Problem details:
Write out the records again exactly and exclude the pictures.

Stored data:
· · · · ·

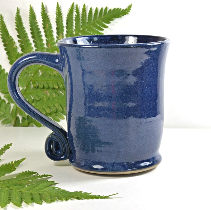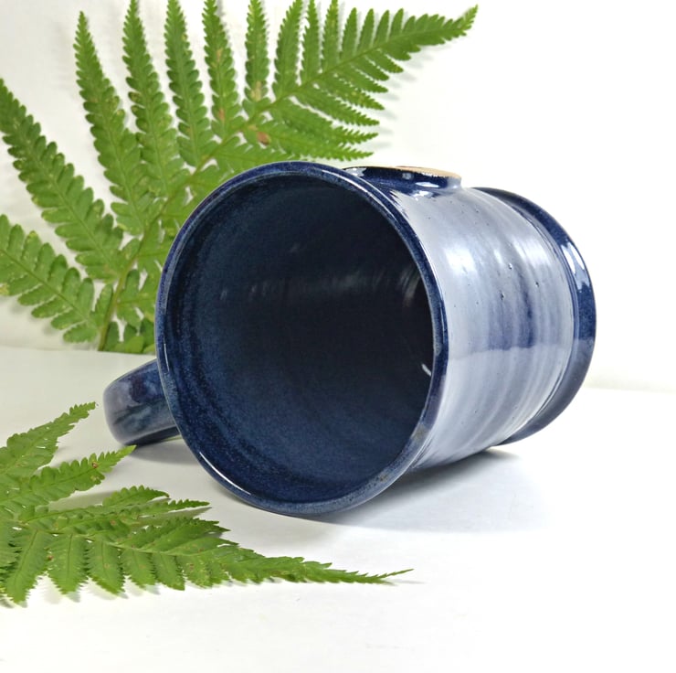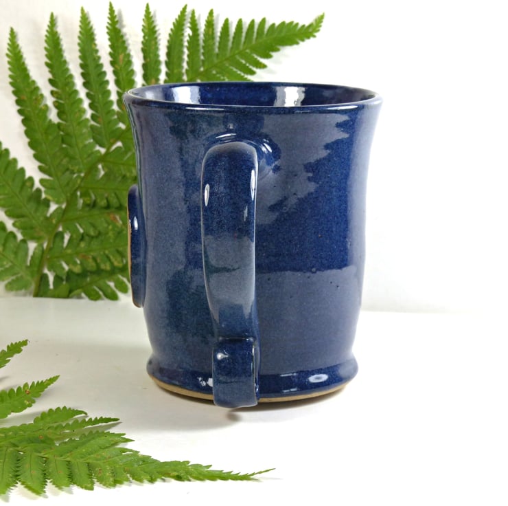 I threw this mug on the potter's wheel using a buff stoneware clay. I then turned the base and added the handle and decoration before bisque firing the mug. I glazed it using a lovely rich blue glaze and again fired it, this time to 1240C stoneware making it strong and durable.
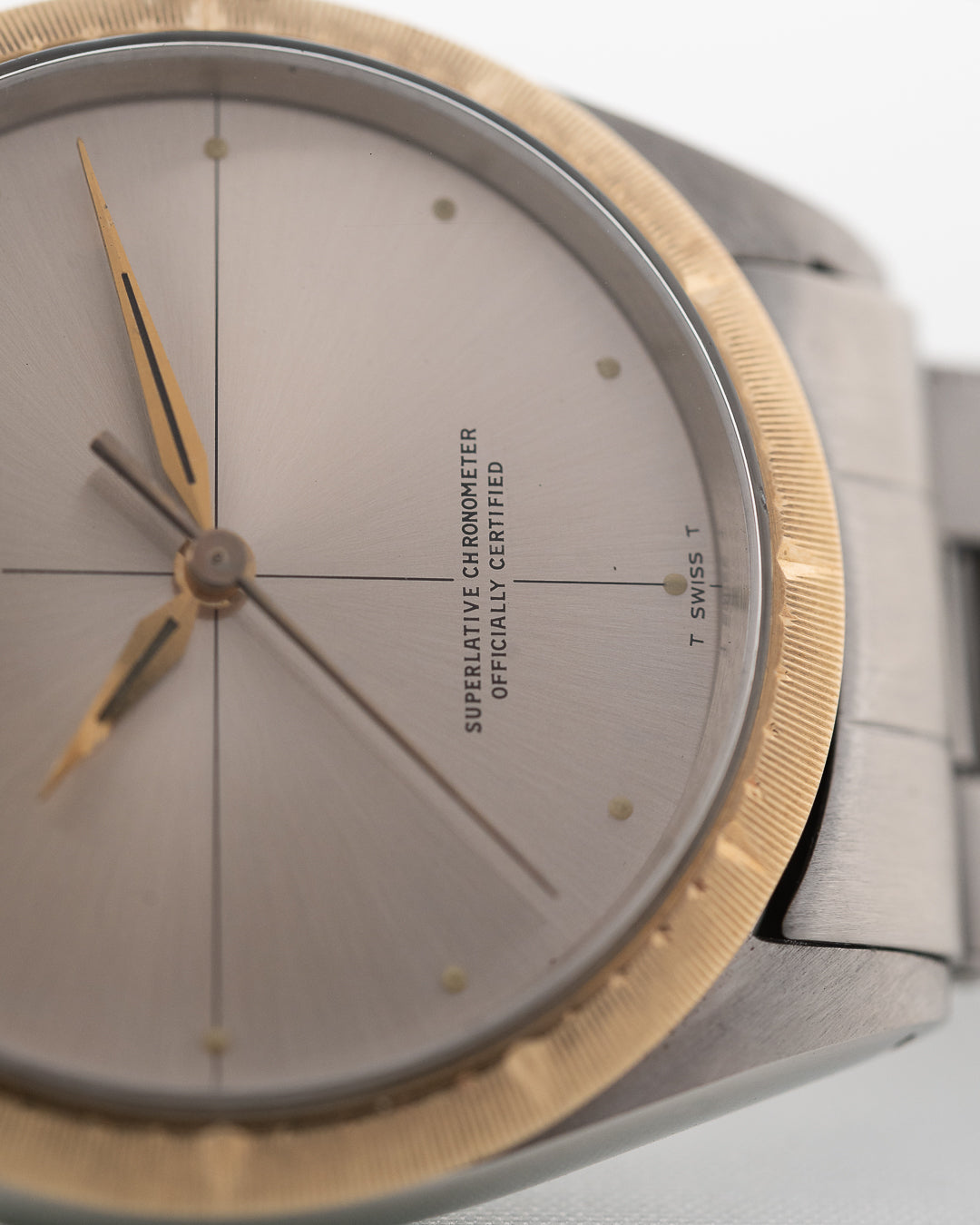 Il Rolex Zephyr è entrato in produzione negli anni '50 con la ref. 6582. Fu presto seguito dalla ref. 1008, che è l'esemplare che abbiamo qui. Lo Zephyr è caratterizzato dal quadrante a croce e dalla lunetta sfaccettata. Lo Zephyr ha un aspetto diverso da qualsiasi altro Rolex mai prodotto.
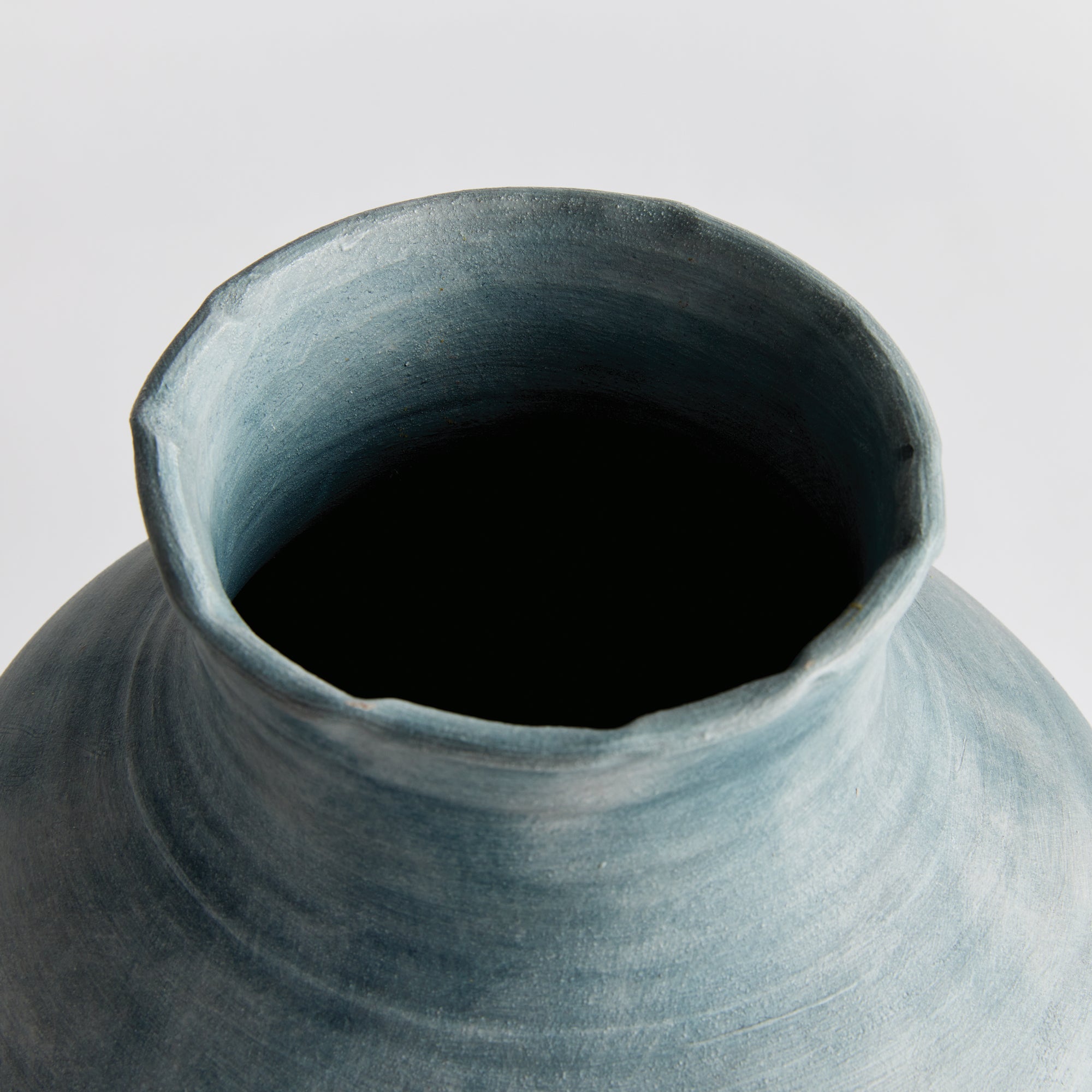 Hand thrown and perfectly imperfect, this terracotta vase brings the character. With subtle horizontal ribbing that shows through the gray-blue uneven matte glaze, It makes a lovely accent tucked in a bookshelf, or featured on a mantle or console.
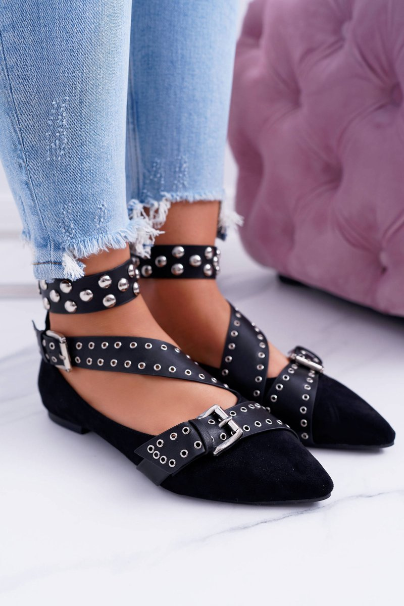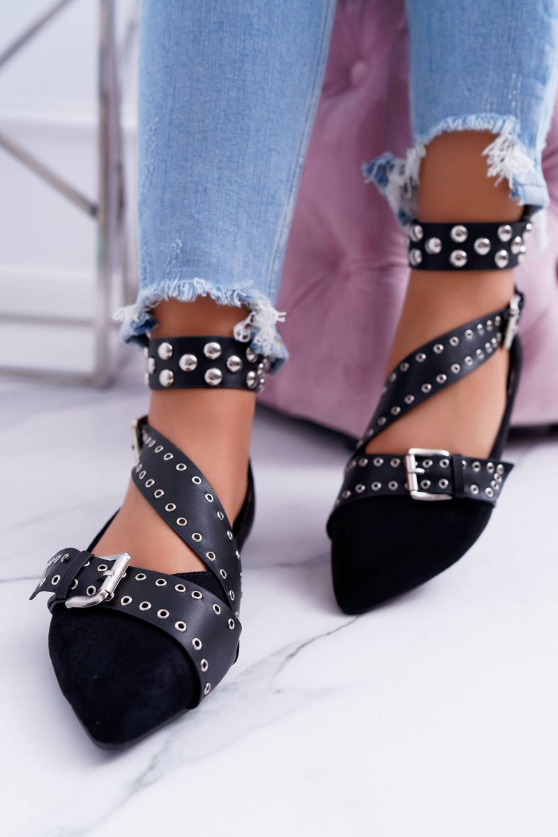 Lu Boo | Black Strappy Ballerinas Rivets Pointed Esteria
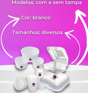 Produtos descartáveis em isopor de diversos modelos, dentre eles, potes de açaí, sorvete, sopa, marmitex e sobremesa de todos os tamanhos com uma excelente qualidade.

· · · · ·

Solution for this task:
 I threw this mug on the potter's wheel using a buff stoneware clay. I then turned the base and added the handle and decoration before bisque firing the mug. I glazed it using a lovely rich blue glaze and again fired it, this time to 1240C stoneware making it strong and durable.
 Il Rolex Zephyr è entrato in produzione negli anni '50 con la ref. 6582. Fu presto seguito dalla ref. 1008, che è l'esemplare che abbiamo qui. Lo Zephyr è caratterizzato dal quadrante a croce e dalla lunetta sfaccettata. Lo Zephyr ha un aspetto diverso da qualsiasi altro Rolex mai prodotto.
 Hand thrown and perfectly imperfect, this terracotta vase brings the character. With subtle horizontal ribbing that shows through the gray-blue uneven matte glaze, It makes a lovely accent tucked in a bookshelf, or featured on a mantle or console.
 Lu Boo | Black Strappy Ballerinas Rivets Pointed Esteria
 Produtos descartáveis em isopor de diversos modelos, dentre eles, potes de açaí, sorvete, sopa, marmitex e sobremesa de todos os tamanhos com uma excelente qualidade.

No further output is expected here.